How Does the Bernoulli Equation Determine Axial Pressure in Jet Flows?

[Lucus]

Okay, here's the question:

A jet of incompressible fluid emerges from a horizontal channel into an environment of the same fluid. The momentum of the jet at the exit of the channel is measured to be M. The exit momentum is the source of a downstream flow which spreads gradually with distance.

The fluid outside the jet flow is at rest. Use the Bernoulli equation to determine the axial (x) pressure beyond the boundary of the jet flow. How can that result, and the properties of the boundary layer equations be used to determine the axial pressure gradient inside the jet?

So there's the question. I'm not really sure where to start. Any help would be much appreciated. Thanks!

 

[Clausius2]

Okay, here's the question:
A jet of incompressible fluid emerges from a horizontal channel into an environment of the same fluid. The momentum of the jet at the exit of the channel is measured to be M. The exit momentum is the source of a downstream flow which spreads gradually with distance.
The fluid outside the jet flow is at rest. Use the Bernoulli equation to determine the axial (x) pressure beyond the boundary of the jet flow. How can that result, and the properties of the boundary layer equations be used to determine the axial pressure gradient inside the jet?
So there's the question. I'm not really sure where to start. Any help would be much appreciated. Thanks!

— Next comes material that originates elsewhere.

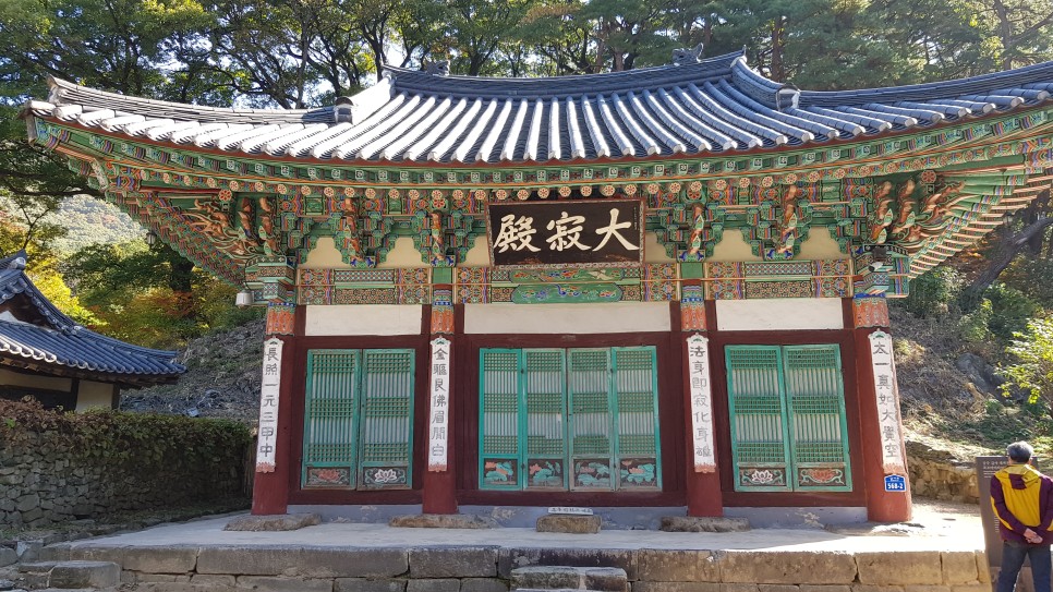 이어서 나타난 건물은 대적전입니다. 대적광전이라고도 하는데 비로자나불을 중심으로 삼신불을 보시는 법당입니다. 신라 통일 후에 대웅전이 이 자리에 있었다고 하네요. 이 법당 안에는 목조아미타여래삼존불이 모셔져 있다고 하지요.

Nice problem, although the statement makes no sense. You can't use Bernoulli equation to determine the axial pressure assuming viscous flow as you are doing. The jet core developed in a non dimensional distance of order $$Re_j^{-1}$$ is dominated by viscous forces. You only can apply Bernouilli to calculate external boundary layer pressure, but as it is an stagnant atmosphere, this pressure is trivially constant $$P_a$$.
Usual calculations of incompressible jets assume negligible pressure gradients, in part because the boundary layer is so thin at large $$Re$$ that transversal pressure gradients are very small, and also because by this argument the external pressure impose an uniform pressure across the symmetry axis.